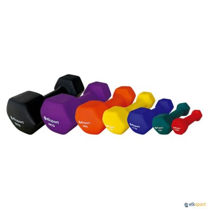 Par de halteres hexagonais fabricados em ferro revestido a neoprene, um material agradável ao tato, muito confortável e bastante durável.
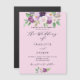 Um fundo rosa. Decorado com flores púrpuras e cor d'água e verde. Personalize e adicione seus nomes e detalhes da festa.
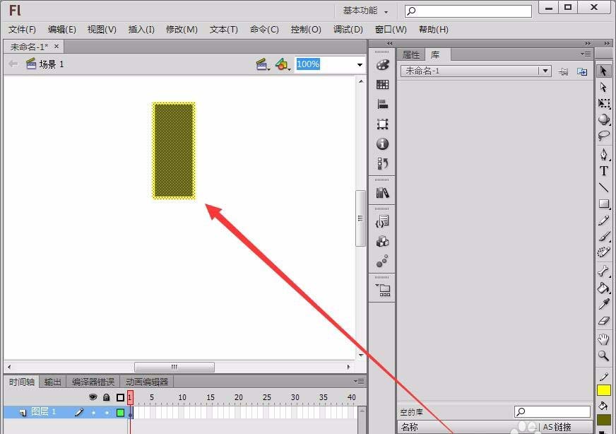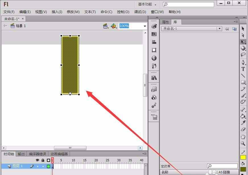 1、选择“编辑栏”中的“矩形工具”,设置线条色和填充色,在舞台中绘制一个长方形。
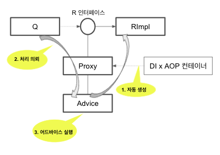· DIxAOP 컨테이너는 R 인터페이스를 구현한 프락시 클래스의 인스턴스를 자동으로 생성, Q 클래스의 R 인터페이스 변수에 인젝션한다.
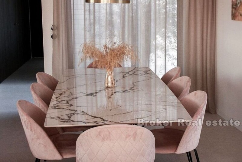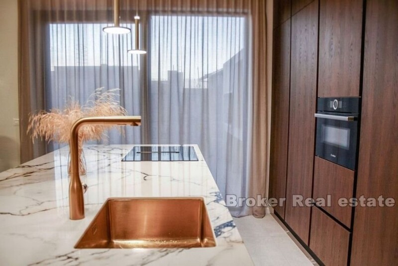 Modern villa located in a very quiet and prestigious location with open sea views. House with a total living area of 316 m2 with an overflow pool on a plot of 812 m2. It consists of three modernly equipped floors, and was built in 2021. On the first floor there is an entrance with fitted wardrobes, one bathroom, a spacious living room which is connected to the outdoor area by the pool by sliding glass walls, a kitchen and a dining room. On the second floor there are two bedrooms of 20m2 with an open closet concept and large windows, each with its own bathroom and a common large balcony facing the sea from which there is an amazing view. On the third floor there is a master bedroom that has its own walk in closet and a bathroom that is connected to itself by glass, designed so that after a hard day you can watch the sunset from your own sparkling bath. Each room has a sea view and its own air conditioning, and the bathrooms are underfloor heating. The parquet in the rooms is three-layer, high-quality, bleached Class I oak. Due to the atmosphere in winter, the living area has a large Lenordica fireplace, built-in floor air conditioning and underfloor heating. In the central part of the property there is an olive tree over 60 years old, glazed so that it fits into the living space as a work of art. The villa is for sale fully furnished. All the furniture is made to measure and additionally equipped with designer pieces, the paintings on the walls are the work of art of a local artist. All devices are Bosch, the sanitary ware is gilded, Grohe brand. The table and the surface of the kitchen island are made to order from marble and quartz in order to be as durable and resistant as possible. Additional appliances in the kitchen include a large wine cooler and ice maker. There are also solar panels on the property, and a robot for cleaning large glazed areas comes with the house. The Infinity pool can also be used in the winter months as it comes with built-in heaters. The 50x3m long external stone wall is handmade from Dalmatian stone according to the drywall principle, the stone has excellent properties and is resistant to external conditions. In the outer courtyard there is also a large barbecue with space for relaxation and socializing. The intercom can be connected to a mobile phone so no key is required. The property is covered by surveillance cameras, and the property has 4 parking spaces. It is 650 meters away from the sea, located in an urban area around Split in a quiet neighborhood. It is 12 km away from Split, in the immediate vicinity there are shops, pharmacy, cafes, beach. It is an ideal investment if you want a perfectly carefully designed property in which a lot of effort and love has been invested to the last detail, so that it can be used for life but also for tourist rentals in the summer months.
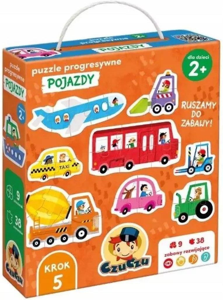 CzuCzu Puzzle Progresywne POJAZDY Układanka Ruszamy do Zabawy Prezent 2+ CzuCzu Puzzle progresywne Pojazdy 2+ Brum, brum! Ruszamy do zabawy! Zestaw CzuCzu Puzzle progresywne Pojazdy to idealny wybór na pierwsze, wieloelementowe układanki dla najmłodszych miłośników aut, samolotów i maszyn. Co znajdziesz w środku 9 układanek o rosnącej liczbie elementów (łącznie 33 elementy) kolorowe ilustracje dopasowane do wieku dziecka duże i trwałe elementy z grubej tektury poręczne pudełko o wymiarach 16,5 × 19 × 5 cm Dlaczego warto? idealne pierwsze puzzle dla dzieci od 2 roku życia wspierają rozwój małej i dużej motoryki uczą spostrzegawczości, cierpliwości i logicznego myślenia zachęcają do rozmów o pojazdach i nowych słowach doskonałe do zabawy w domu i w podróży Dla ciekawych świata maluchów Dwulatek z każdym dniem odkrywa coś nowego – poznaje kolory, kształty, nazwy przedmiotów i dźwięki. Puzzle progresywne CzuCzu pomagają mu rozwijać się przez zabawę – krok po kroku, od prostych układanek po bardziej wymagające obrazki. Zabawka, która uczy przez zabawę i dostarcza mnóstwo radości!
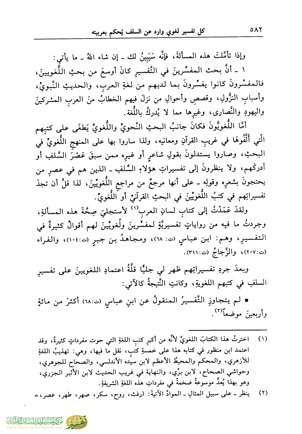 ولقدَ عَمَدْتُ إلى كتابِ لسانِ العربِ (¬1) لأستجليَ صِحَّةَ هذه المسألةِ، وجردتُ ما فيه من رواياتٍ تفسيريَّةٍ لمفسِّرينَ ولُغويِّينَ لهم أقوالٌ كثيرةٌ في التفسيرِ، وهم: ابن عباسٍ (ت: 68)، ومجاهدُ بن جبرٍ (ت:104)، والفراء (ت:207)، والزَّجاجُ (ت:311).

..........

Directions ->
Begin at the first line of the entries and stop after the line holding "인터페이스 변수에 인젝션한다."; repeat those lines exactly, but not the pictures.

Solution below ->
 Par de halteres hexagonais fabricados em ferro revestido a neoprene, um material agradável ao tato, muito confortável e bastante durável.
 Um fundo rosa. Decorado com flores púrpuras e cor d'água e verde. Personalize e adicione seus nomes e detalhes da festa.
 1、选择“编辑栏”中的“矩形工具”,设置线条色和填充色,在舞台中绘制一个长方形。
· DIxAOP 컨테이너는 R 인터페이스를 구현한 프락시 클래스의 인스턴스를 자동으로 생성, Q 클래스의 R 인터페이스 변수에 인젝션한다.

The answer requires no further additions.